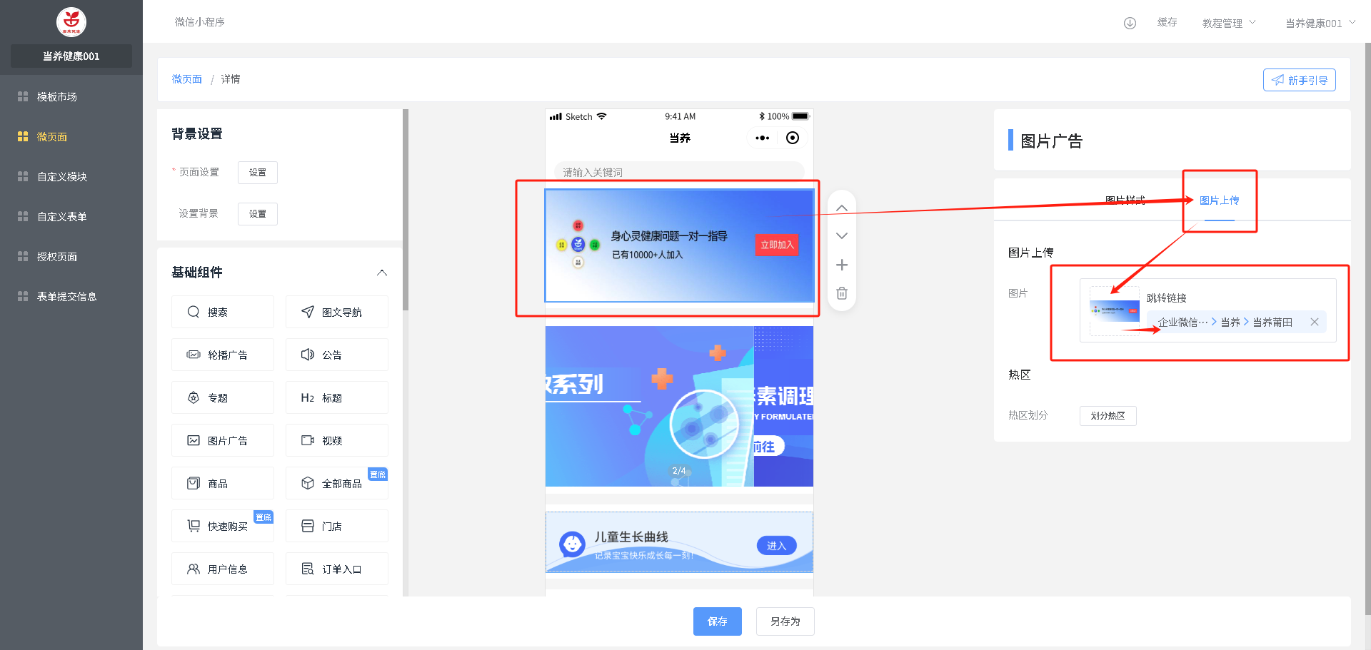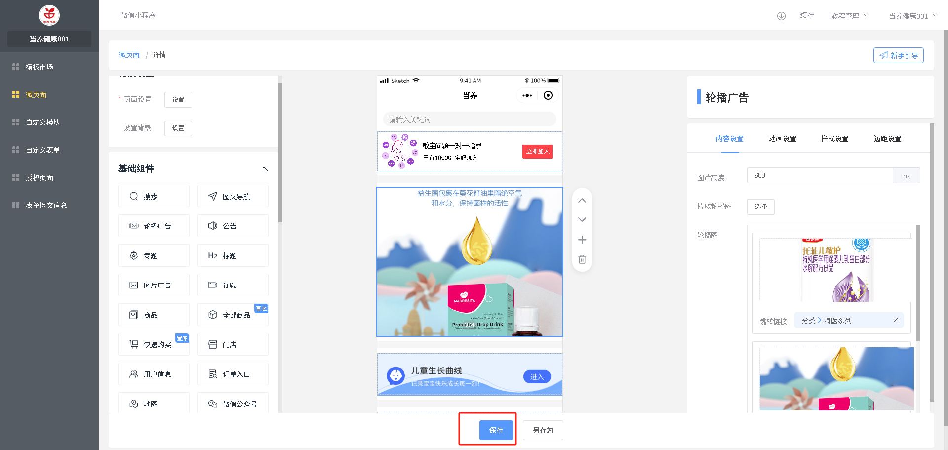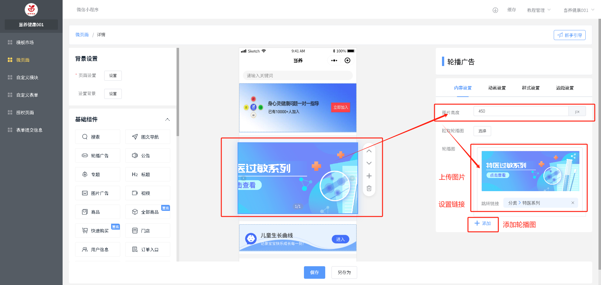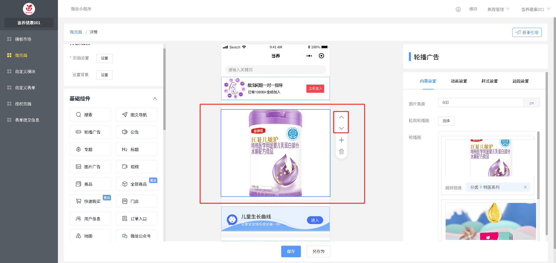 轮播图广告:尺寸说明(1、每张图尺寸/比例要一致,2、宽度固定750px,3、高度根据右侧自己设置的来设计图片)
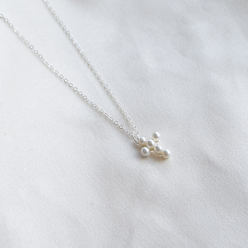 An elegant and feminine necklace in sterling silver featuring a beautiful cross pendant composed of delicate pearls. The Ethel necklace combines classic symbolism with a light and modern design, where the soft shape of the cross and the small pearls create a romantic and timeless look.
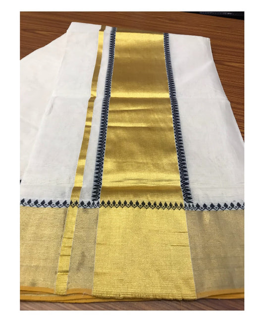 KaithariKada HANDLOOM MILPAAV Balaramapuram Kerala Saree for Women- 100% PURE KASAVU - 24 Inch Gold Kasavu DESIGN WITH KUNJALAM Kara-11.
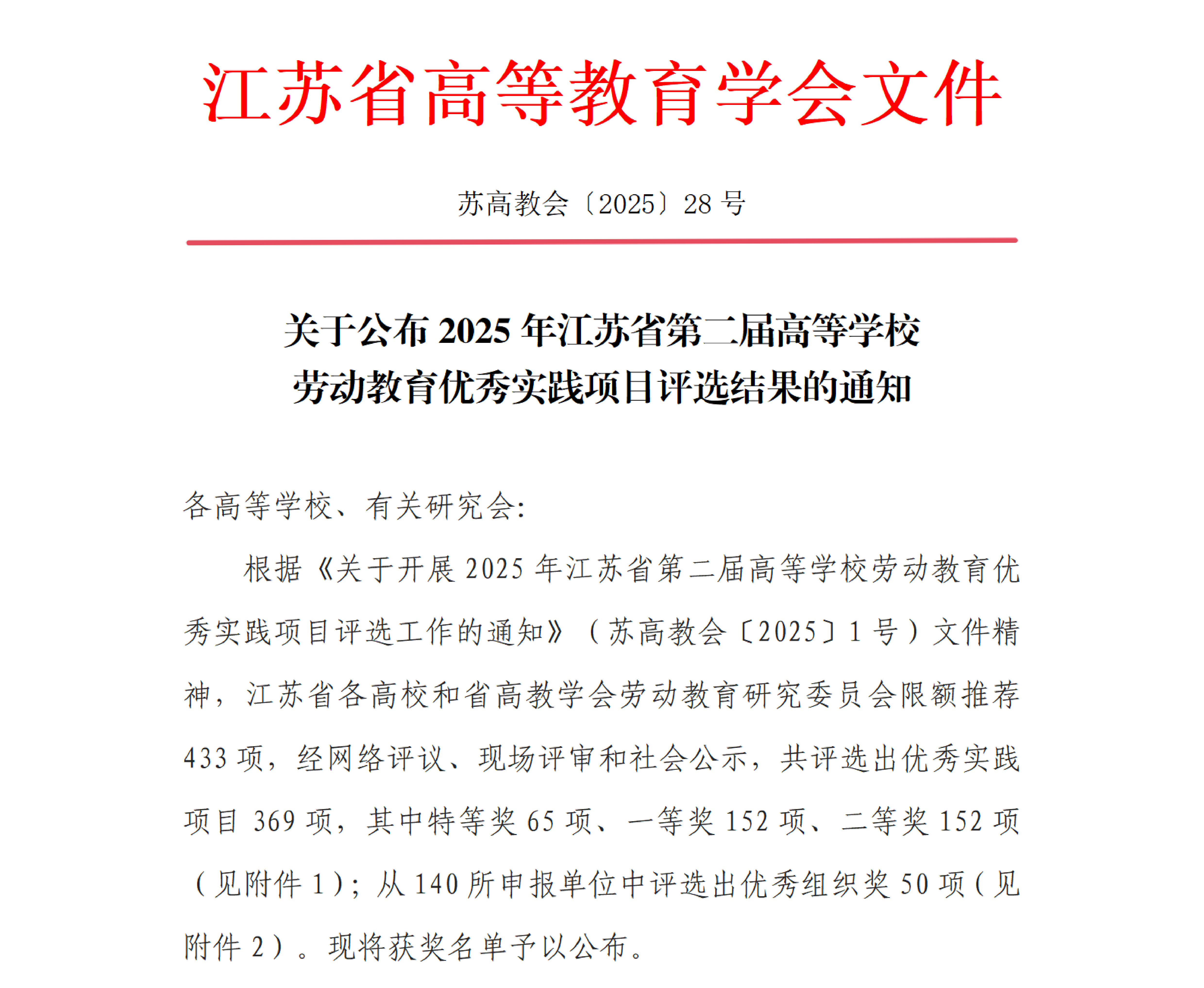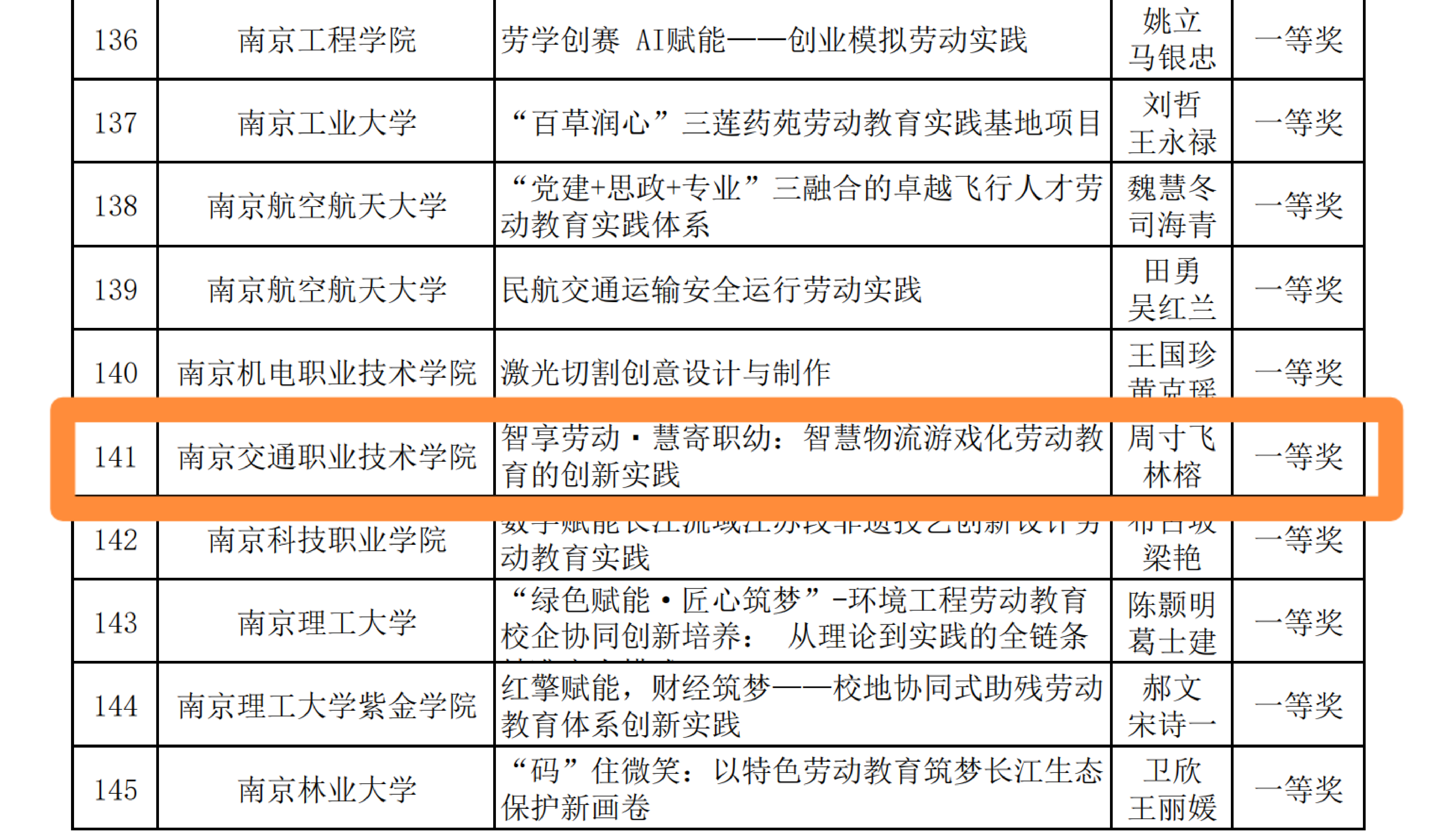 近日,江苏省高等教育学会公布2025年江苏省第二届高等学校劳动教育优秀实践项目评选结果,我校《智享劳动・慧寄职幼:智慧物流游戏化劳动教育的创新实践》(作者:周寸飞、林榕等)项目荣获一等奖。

* * *

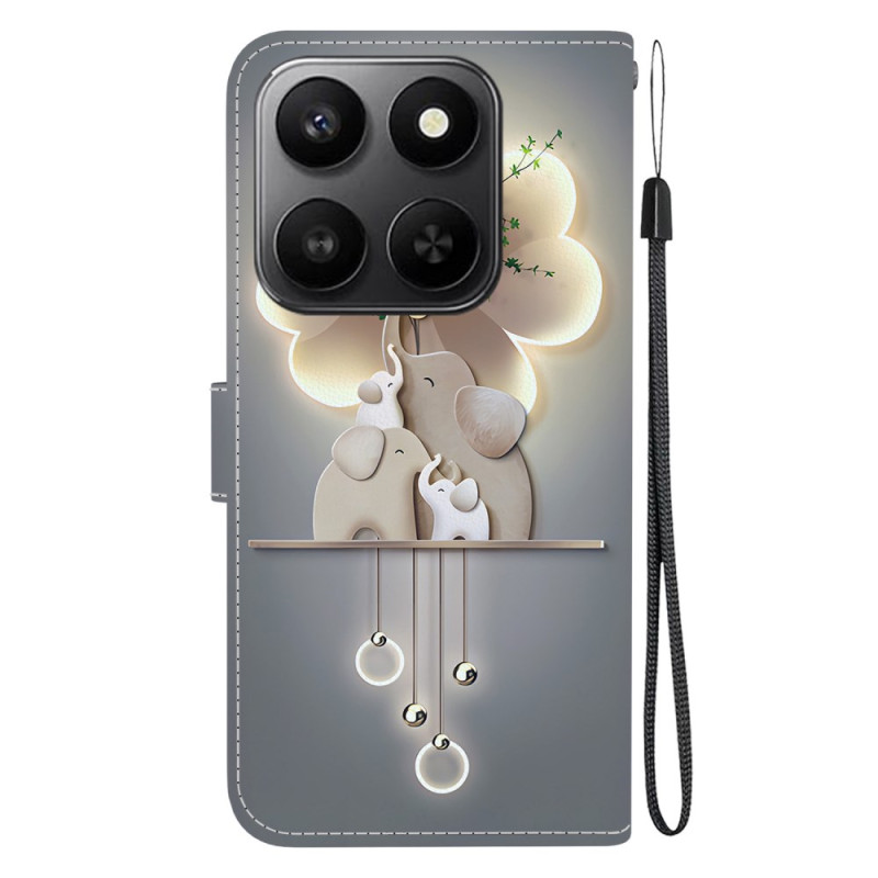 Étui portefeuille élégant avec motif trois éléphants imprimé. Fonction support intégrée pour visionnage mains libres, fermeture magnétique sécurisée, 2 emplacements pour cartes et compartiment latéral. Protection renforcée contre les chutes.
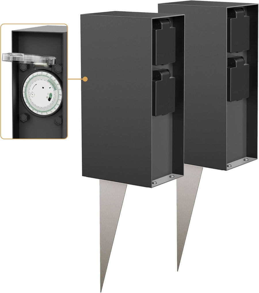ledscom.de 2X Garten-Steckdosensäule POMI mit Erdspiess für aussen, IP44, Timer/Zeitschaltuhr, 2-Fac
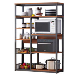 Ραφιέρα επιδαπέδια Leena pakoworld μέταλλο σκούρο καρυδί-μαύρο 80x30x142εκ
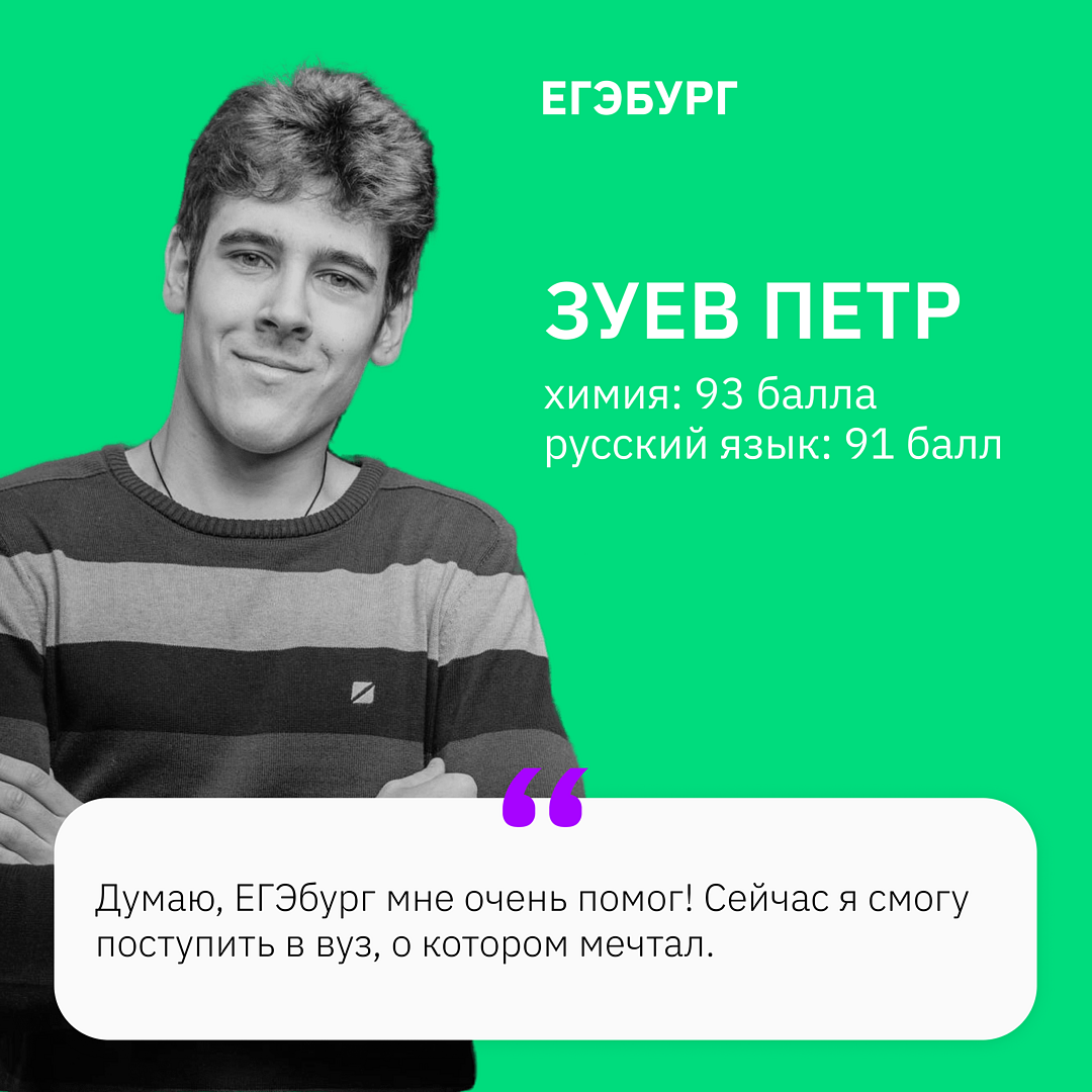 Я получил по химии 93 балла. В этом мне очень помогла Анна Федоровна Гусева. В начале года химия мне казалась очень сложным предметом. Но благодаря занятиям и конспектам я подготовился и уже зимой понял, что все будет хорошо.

TASK DESCRIPTION | Look above for the line containing "轮播图广告:尺寸说明(1、每", then write out every line from there down to the line containing "近日,江苏省高等教育学会公布", that line included, with no pictures.

SOLUTION FOR THIS TASK |
 轮播图广告:尺寸说明(1、每张图尺寸/比例要一致,2、宽度固定750px,3、高度根据右侧自己设置的来设计图片)
 An elegant and feminine necklace in sterling silver featuring a beautiful cross pendant composed of delicate pearls. The Ethel necklace combines classic symbolism with a light and modern design, where the soft shape of the cross and the small pearls create a romantic and timeless look.
 KaithariKada HANDLOOM MILPAAV Balaramapuram Kerala Saree for Women- 100% PURE KASAVU - 24 Inch Gold Kasavu DESIGN WITH KUNJALAM Kara-11.
 近日,江苏省高等教育学会公布2025年江苏省第二届高等学校劳动教育优秀实践项目评选结果,我校《智享劳动・慧寄职幼:智慧物流游戏化劳动教育的创新实践》(作者:周寸飞、林榕等)项目荣获一等奖。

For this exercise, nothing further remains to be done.